[Task to complete] Your output should be the lines below from the one with "hugo boss, water-repellent, insulated, lightweight, hooded" through the one with "розчину 200 л/га.", copied exactly, pictures excluded.

··· Extracted material ···

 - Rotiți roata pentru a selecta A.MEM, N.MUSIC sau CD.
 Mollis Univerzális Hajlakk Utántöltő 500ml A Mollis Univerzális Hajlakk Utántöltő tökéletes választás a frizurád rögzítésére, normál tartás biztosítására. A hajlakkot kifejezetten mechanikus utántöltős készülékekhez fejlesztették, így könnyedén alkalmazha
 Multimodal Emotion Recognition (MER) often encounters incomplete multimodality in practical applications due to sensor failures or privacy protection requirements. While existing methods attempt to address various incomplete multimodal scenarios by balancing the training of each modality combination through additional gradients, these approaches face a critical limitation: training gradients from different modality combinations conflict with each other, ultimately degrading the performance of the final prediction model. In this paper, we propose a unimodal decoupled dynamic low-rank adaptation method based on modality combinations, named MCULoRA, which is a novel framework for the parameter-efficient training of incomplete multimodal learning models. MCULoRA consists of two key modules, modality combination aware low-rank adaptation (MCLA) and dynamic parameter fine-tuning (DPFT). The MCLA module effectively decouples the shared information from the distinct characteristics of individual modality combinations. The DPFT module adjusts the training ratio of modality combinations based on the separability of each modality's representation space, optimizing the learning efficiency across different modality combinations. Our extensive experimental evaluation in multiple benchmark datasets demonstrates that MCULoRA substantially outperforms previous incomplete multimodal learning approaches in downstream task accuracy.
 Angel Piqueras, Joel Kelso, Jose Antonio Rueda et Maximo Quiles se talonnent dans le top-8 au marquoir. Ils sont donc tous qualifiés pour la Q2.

···
··· Extracted material ···

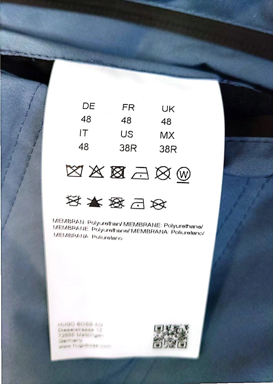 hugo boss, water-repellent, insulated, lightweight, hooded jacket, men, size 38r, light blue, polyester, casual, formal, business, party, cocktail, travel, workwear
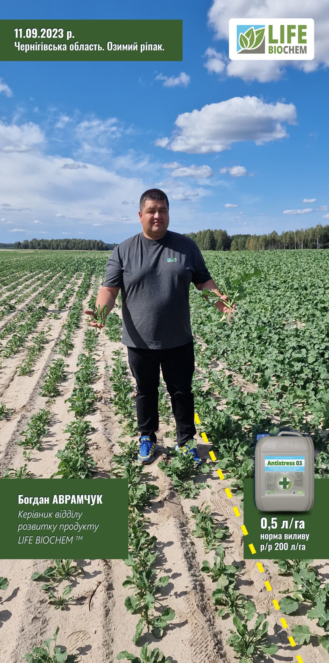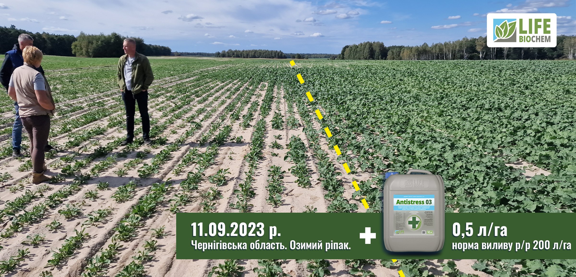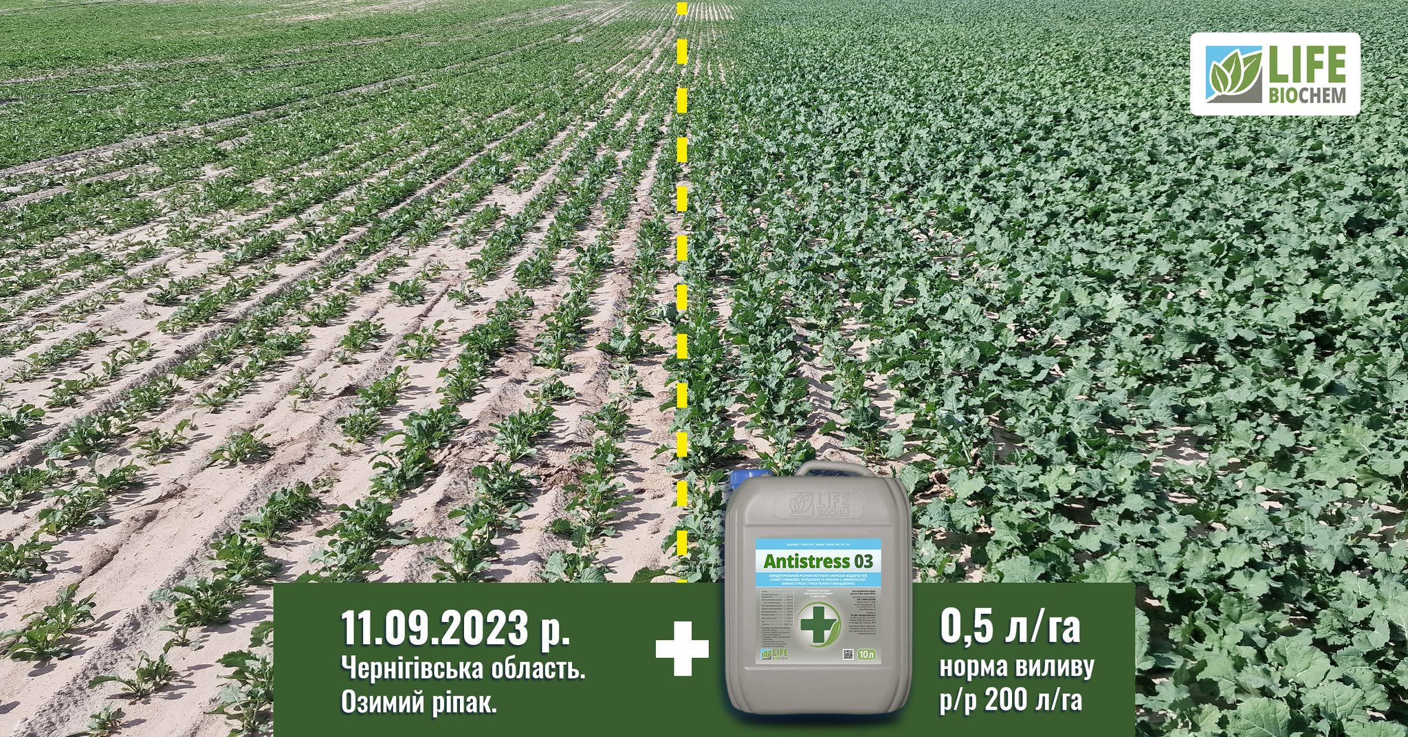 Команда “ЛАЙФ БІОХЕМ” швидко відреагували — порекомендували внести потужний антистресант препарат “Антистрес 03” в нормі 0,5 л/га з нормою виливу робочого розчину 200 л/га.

···

[Result of the exercise]
 hugo boss, water-repellent, insulated, lightweight, hooded jacket, men, size 38r, light blue, polyester, casual, formal, business, party, cocktail, travel, workwear
 Команда “ЛАЙФ БІОХЕМ” швидко відреагували — порекомендували внести потужний антистресант препарат “Антистрес 03” в нормі 0,5 л/га з нормою виливу робочого розчину 200 л/га.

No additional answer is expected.